The Word Association Test

When I was a kid, probably in first or second grade, I was put in the “special” class for a while, probably because I couldn’t for the life of me pronounce a proper “r.” How I eventually figured out how to say things like “Red Riding-hood was ridiculous and should have never wandered from home” by the time I reached third grade isn’t really the point of this, though.

This story is about a stupid word association test they made me take in the Class for Kids Who Can’t Talk Right.

A word association test, as you almost certainly know, is the test given by trained psychologists and well-meaning teachers (who are also probably trained psychologists) where they give you a word and you need to say the first thing that pops in your head. “Airplane-fly. Chair-sit.” That sort of thing. Easy, or it should have been.

The problem was, somewhere in my seven-year-old brain I decided upon hearing the incredibly simple instructions that they didn’t want to hear a word that was even remotely related to the word they said. I don’t know why I thought this. Maybe I thought they’d think my creativity was broken or something. As a result, I spent the entire test focusing on saying words that had absolutely no relation to what they were saying to me. “Cat” was met with “light,” “sky” with “knife,” “grass” with “divulge.” Or whatever. Sometimes with pauses of several seconds between their word and mine as I desperately tried to think of some word as freakishly unrelated to theirs as possible. Repeatedly the teacher would remind me of the rules of the test in an exasperated sort of way, which only convinced me I needed to come up with random words at a faster pace.

The result of this (I am guessing here. I was only seven years old and time and ill-treatment of my brain has seriously eroded any solid recollection of my childhood) was two-fold. First, the test went on a lot longer than they had planned. I have distant memories of sitting there for what seemed like hours, straining my young mind for random words (I vaguely remember the word “clock” coming up multiple times).
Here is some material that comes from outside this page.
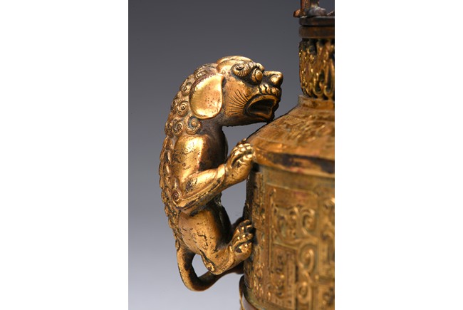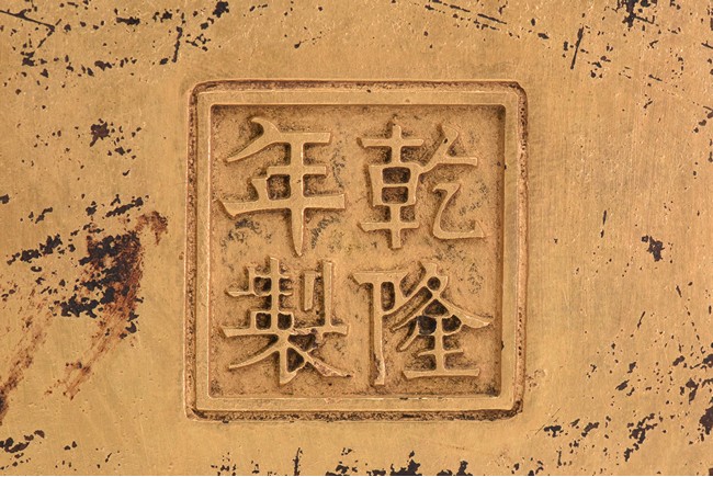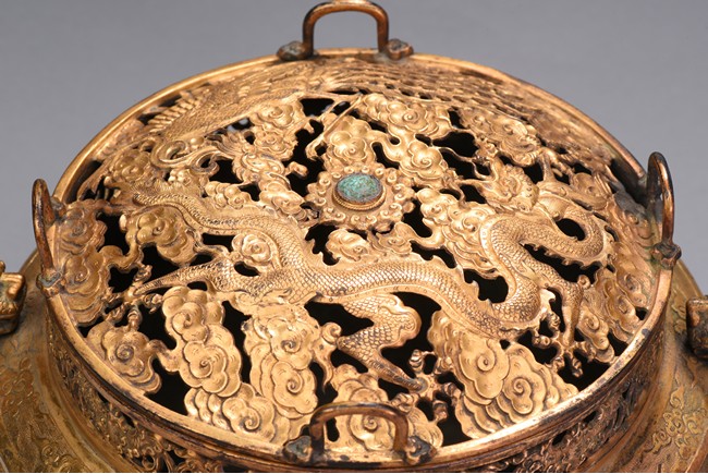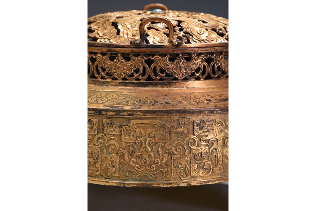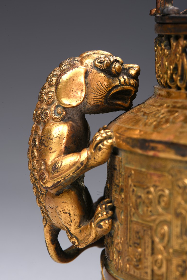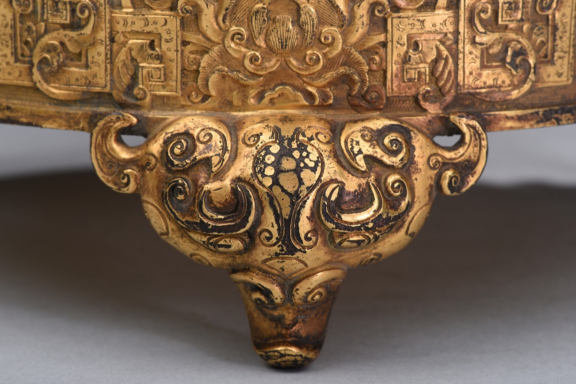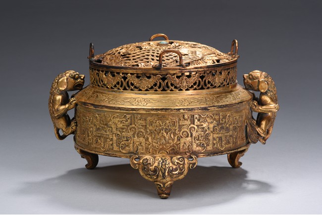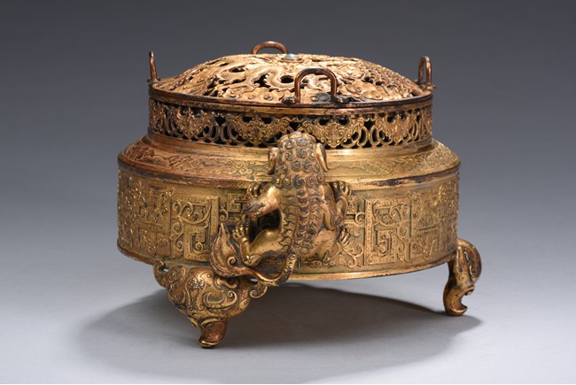 Of circular form supported on three short beast head feet, cast and gilt around the body with scrolling lotus and foliage pattern, all below raised borders of scrolled clouds and auspicious bats encircling the short straight neck, flanked by two climbing lions form handles, the cover reticulated with winding dragon and phoenix amidst scrolling clouds and set with a small rounded turquoise finial in the center, around the cover rim flanked by four small arc-shaped handles. The base with a four character 'QIANLONG' mark. Qing Dynasty period.

Probably, it only went on for a few extra minutes as this poor special education teacher watched the child in front of them spew one random nonsense word after another in muted horror, desperately hoping something, anything relevant would eventually come out of my mouth.

Second, I was almost certainly condemned to the special education class for much longer than was probably warranted, even after someone just straight-up told me “This is how you make an ‘r’ sound. How you are doing it sounds weird to everyone but you,” and just like that I was cured of a fairly common speech impediment, but not, alas, my trips on the proverbial (and at times actual) short bus.

Now, to the point of all of this.

There is no point. The original point had to do with what I thought this website was going to be called, until I came up with the absolutely stupendously creative name r-a-fisher.com, which was, shockingly enough, actually available. However, when I came across this while digging through some old files it seemed vaguely amusing, if entirely irrelevant, so, lacking anything else to post this week, enjoy.

Also, you might be wondering what this picture of a dead fish I found on the beach has to do with this. Clock.

Finally, this is going under “On Writing” because it doesn’t fit anywhere else either, and I don’t feel like coming up with a new menu item for something that is almost certainly going to just be a one-off. So sue me.